How do the Diodes Work?
The way a safety valve is energized using diodes based on the fact that a sine wave has both a positive and negative half cycle. Diodes only conduct electricity in one direction. This property is exploited so that the desired sine wave’s half cycle is made available to the safety valve while blocking it from reaching the unused valve.
Diode-based Valve Circuit
Below is a common circuit that uses diodes for a three-valve configuration. The diodes are oriented so that a positive half cycle of the sine passes through either diode to the main valve, no matter what mode the circuit is in (dispense or icemaker water call).
Dispenser Lever Pressed
What happens when the user presses the dispenser lever? The dispenser solenoid gets the full sine wave (both half-cycles) as denoted in RED. Only the positive half-cycle makes it through diode D2 as denoted in PINK. Remember that (conventional) current travels through a diode in the direction of the arrow. This is enough though to energize the safety (main) valve solenoid. By the way, the RMS voltage of a half-cycle is 1/2 of the peak value or 85 volts – which, as it turns out, is plenty enough to energize the safety valve. Note that most multimeters (even quality true-RMS meters) won’t read 85 volts because they have a hard time calculating the RMS value of half-wave rectified signals. Note also that the icemaker solenoid gets nothing – as well it shouldn’t. We don’t want the icemaker to fill when we press the dispenser lever. The reason it won’t is because of diode D1. It blocks the positive half-cycle (because it would have to go against the arrow), leaving the icemaker solenoid with 0 volts.
Icemaker Call for Water
The same thing happens during an icemaker call for water – except that D1 is activated and D2 blocks any voltage from getting to the dispenser solenoid. Remember that RED denotes a full sine wave and PINK is only a half-cycle.
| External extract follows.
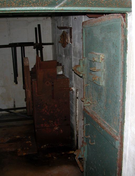 Vue intérieure : porte blindée à deux vantaux et équipements (état en 2003)Immatriculation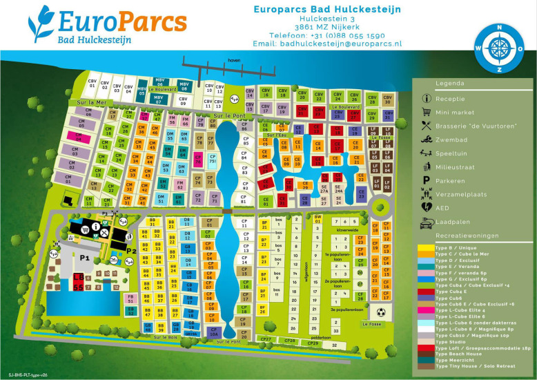 EuroParcs Bad Hulckesteijn, situado en la tranquila Nijkerkernauw, es un paraíso para los amantes de los deportes acuáticos. Disfruta del surf, la vela o date un chapuzón en la piscina cubierta. El cercano puerto deportivo y la playa ofrecen diversión acuática adicional. Descubre la belleza del Veluwe y los pólderes de Flevoland, o explora las ciudades de Nijkerk y Amersfoort. Para un subidón de adrenalina, Walibi Holland está muy cerca. Termina el día con una sabrosa comida en la Brasserie de Vuurtoren, en el mismo camping.

Both Icemaker and Dispenser Valves Energized
The possibility certainly exists that the icemaker will fill while the user is pressing the dispenser lever. Both the icemaker valve solenoid and dispenser solenoid will then be energized simultaneously. This is because a full sine wave is sent to both the icemaker and dispenser valve as denoted in RED. However, only the positive half-cycle makes it to the safety (main) valve as shown in PINK. This arrangement allows all three valves to be energized simultaneously.
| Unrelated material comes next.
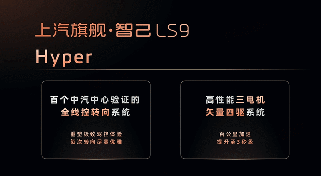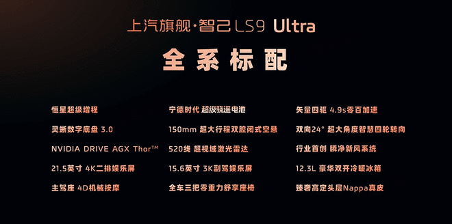 新车是上汽近十年技术创新的集大成者,搭载恒星超级增程,拥有402kmCLTC纯电续航里程、2.81L/100km的油电综合折算能耗、全系4秒级零百加速。驾控方面,新车搭载灵蜥数字底盘3.0,采用双向24°超大角度智慧四轮转向系统,官方称其为“最好开的9系”。同时,智己LS9全系标配520线激光雷达和英伟达ThorU芯片,感知能力强大。此外,新车还搭载了IMAIOS智能座舱、丹麦B&O音响、4D机械按摩座椅等配置,预计在11月12日正式上市。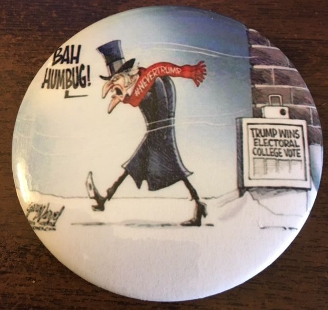 Title (ebay affiliate link): 3" NeverTrumpers Claiming "Bah Humbug" Over Trump Electoral Win Pinback Button

Shorted Diode with Dispenser Lever Pressed
A common failure point in these circuits is a shorted diode. What happens when a user presses the dispenser lever with a shorted dispenser diode (D2) in the circuit? Both the dispenser and safety (main) valve solenoids are energized with a full sine wave as shown in RED. Since a full sine wave appears at the main valve, the negative half-cycle will make its way backwards through diode D1 (since a negative voltage can push current “against” the arrow). This negative half-cycle is 85v RMS and enough to energize the icemaker valve. The net effect is that when the user goes to get dispensed water, the icemaker also fills. In fact, regardless of which diode is shorted – no matter which mode is called (dispense or icemaker water), all solenoids will energize. This fact is a good thing to remember if you ever encounter this stated symptom for a case.
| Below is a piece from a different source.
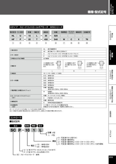 機種・型式記号インダクションギアモータオプション技術資料F2/F3タイプ同心中空軸・同心中実軸F/FAタイプ中空軸・中実軸H/H2タイプ直交軸G/G3タイプ平行軸①取付区分②モータ区分③枠番および出力軸径④軸区分⑤減速比⑥モータ容量⑦電源電圧(倍電圧はオプション)⑧ターミナルボックス(オプション)(注1)⑨補助記号⑩仕様記号(注2):直交軸脚取付HLHF:直交軸フランジ取付(22枠まで)UP出力軸径:スピードコントロールモータ付U型(コントローラセット):スピードコントロールモータ付P型(コントローラ別売)入力軸側から見て出力軸が左に出るものギアヘッドモータ入力軸側から見て出力軸が右に出るもの入力軸側から見て出力軸が両方に出るものLRT10:1/10~1800:1/1800S15:単相15WS25:単相25WS40:単相40WS60:単相60WS90:単相90W空欄:標準電圧単相100V/50Hz、100V/60HzW:倍電圧単相200V/50Hz、200V/60Hz:P型用ターミナルボックス空欄:ターミナルボックスなし(標準)C空欄:標準仕様Xリード線・ターミナルボックス位置指示記号詳細はP.579の仕様記号一覧表をご参照ください。:特殊仕様追加認識記号電源電圧ターミナルボックス補助記号仕様記号W⑦C⑧X⑨T6⑩容量S25S40⑥取付区分モータ区分枠番軸区分減速比30450⑤LT④1522③UP②HLHF①HタイプスピードコントロールギアモータMINIシリーズ注1.ターミナルボックスの仕様についてはP.636をご参照ください。注2.仕様記号は銘板の製品型式名には表示されません。銘板上の仕様記号欄に表示されます。コントローラ■型式記号型式電源電圧機能型式SCP101L空欄:U型:P型L機能0:可変速のみ(U型のみ)1:可変速+瞬時停止2:可変速+瞬時停止+スロースタート・スローダウン3:可変速+瞬時停止+スロースタート・スローダウン+並列運転電圧10:単相100V20:単相200VU:U型(ギアモータとセットになっております)P:P型(ギアモータとは別売りです)SC:スピードコントローラ総称213

Note that although the safety (main) valve normally reads 85v or less, a shorted diode causes it to get 120v. A common question is whether that will damage the valve. It’s unlikely because the valves are usually rated at 120v.
Summary
Diode-based logical control of inlet valve solenoids is quite common in refrigerators. Technicians will eventually encounter them – and should understand how they work, and what symptoms are likely to accommodate diode failures.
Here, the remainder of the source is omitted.